[Records provided]:
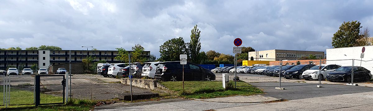 Das aus VEB-Zeiten übrig gebliebene Pförtnerhäuschen mit Schranke ist verlassen, ebenso der Flachbau, an dem das Firmenschild des Mietwagenunternehmens hängt. Niemand nimmt Aufträge an. Stehen denn Mietwagen auf dem Gelände? Ja, 29 Stück, allerdings auf einem umzäunten Teil des Parkplatzes und ausnahmslos ohne Nummernschild, überwiegend alles andere als neu aussehend. Die Wagen mit den Nummernschildern sind vermutlich alle gerade auf der Rückfahrt aus Berlin zum Betriebssitz, wird gescherzt.
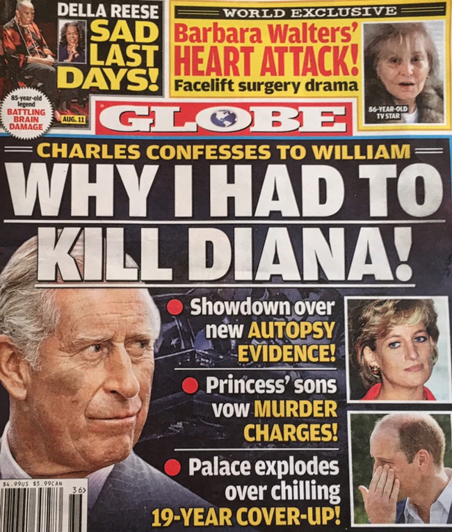 This sensational story in the Globe claimed that Prince Charles had confessed to the murder of his ex-wife. The two-page article inside carried no official comment and quoted only an unnamed “palace insider.”
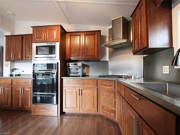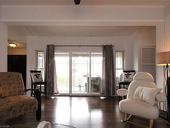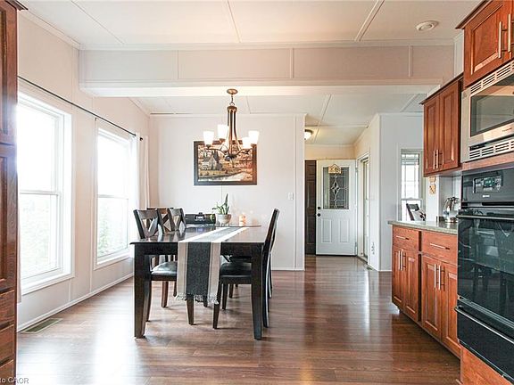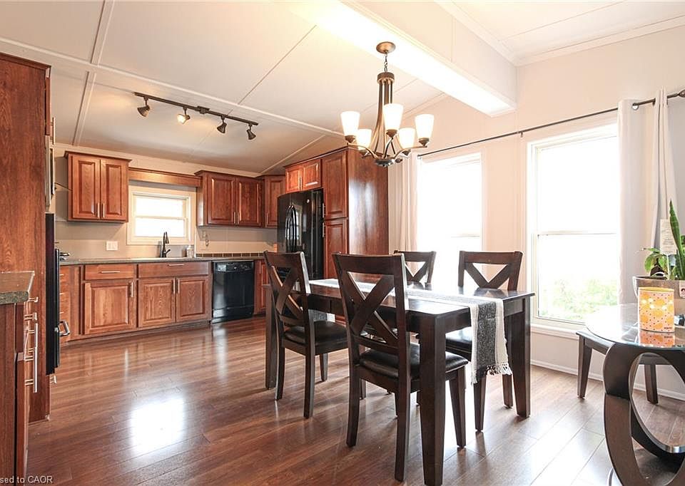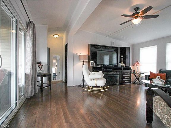 Welcome to Lost Forest! Discover a low-maintenance lifestyle in this stunning custom designed 2 bedroom, 2-bath modular home with cathedral ceilings and stunning family sized kitchen with warm decor and a flowing layout. Located in the desirable gated community of Lost Forest Park and built just 12 years ago, it offers 1,046 sq. ft. of bright, open-concept living space. This home combines modern comfort with a welcoming design in a gorgeous setting that far exceeds other types of ownership at an affordable price. The spacious kitchen features plenty of cabinetry including pull out drawers in the pantry, a large dining area and opening to a cozy living room complete with an entertainment wall unit with electric fireplace. Enjoy your morning coffee or relax at sunset on the large deck with 3 access doors to the your home including sliding doors that lets the natural light brighten your home. There is ample storage within plus a handy oversized garden shed to utilize as well. Additional highlights include a built in desk in the 2nd br, tall toilets, solid wood doors, a generator and parking for 2 vehicles on a concrete pad. Lost Forest Park residents enjoy outstanding amenities including an inground pool, community centre/pavilion, pickle ball court, an area to enjoy horse shoes, a play area for the kids and walking trails. The low monthly fee conveniently covers the land lease, water, septic, property taxes and year-round maintenance. Located just minutes from shopping in Waterdown and nearby Carlisle, dining, golf courses and major highways. This is the perfect blend of comfort, convenience, and community. Make the move today and start living the lifestyle you deserve!
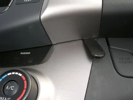 Press the thin end of the enclosed gap opener into the gap between the center console panel frame and the dashboard overhang, to widen the gap. Peel off the cover of adhesive tape on the ProClip.
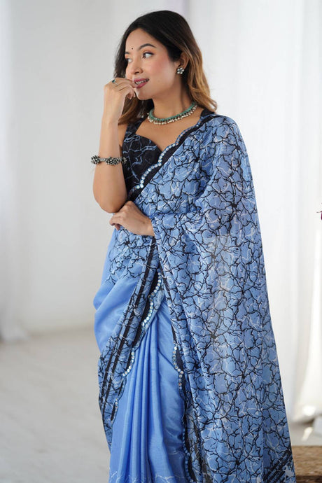 Blue Floral Printed Art Silk Saree

[Assignment]: Without the pictures, retype the whole of the material above exactly.

[Task answer]:
 Das aus VEB-Zeiten übrig gebliebene Pförtnerhäuschen mit Schranke ist verlassen, ebenso der Flachbau, an dem das Firmenschild des Mietwagenunternehmens hängt. Niemand nimmt Aufträge an. Stehen denn Mietwagen auf dem Gelände? Ja, 29 Stück, allerdings auf einem umzäunten Teil des Parkplatzes und ausnahmslos ohne Nummernschild, überwiegend alles andere als neu aussehend. Die Wagen mit den Nummernschildern sind vermutlich alle gerade auf der Rückfahrt aus Berlin zum Betriebssitz, wird gescherzt.
 This sensational story in the Globe claimed that Prince Charles had confessed to the murder of his ex-wife. The two-page article inside carried no official comment and quoted only an unnamed “palace insider.”
 Welcome to Lost Forest! Discover a low-maintenance lifestyle in this stunning custom designed 2 bedroom, 2-bath modular home with cathedral ceilings and stunning family sized kitchen with warm decor and a flowing layout. Located in the desirable gated community of Lost Forest Park and built just 12 years ago, it offers 1,046 sq. ft. of bright, open-concept living space. This home combines modern comfort with a welcoming design in a gorgeous setting that far exceeds other types of ownership at an affordable price. The spacious kitchen features plenty of cabinetry including pull out drawers in the pantry, a large dining area and opening to a cozy living room complete with an entertainment wall unit with electric fireplace. Enjoy your morning coffee or relax at sunset on the large deck with 3 access doors to the your home including sliding doors that lets the natural light brighten your home. There is ample storage within plus a handy oversized garden shed to utilize as well. Additional highlights include a built in desk in the 2nd br, tall toilets, solid wood doors, a generator and parking for 2 vehicles on a concrete pad. Lost Forest Park residents enjoy outstanding amenities including an inground pool, community centre/pavilion, pickle ball court, an area to enjoy horse shoes, a play area for the kids and walking trails. The low monthly fee conveniently covers the land lease, water, septic, property taxes and year-round maintenance. Located just minutes from shopping in Waterdown and nearby Carlisle, dining, golf courses and major highways. This is the perfect blend of comfort, convenience, and community. Make the move today and start living the lifestyle you deserve!
 Press the thin end of the enclosed gap opener into the gap between the center console panel frame and the dashboard overhang, to widen the gap. Peel off the cover of adhesive tape on the ProClip.
 Blue Floral Printed Art Silk Saree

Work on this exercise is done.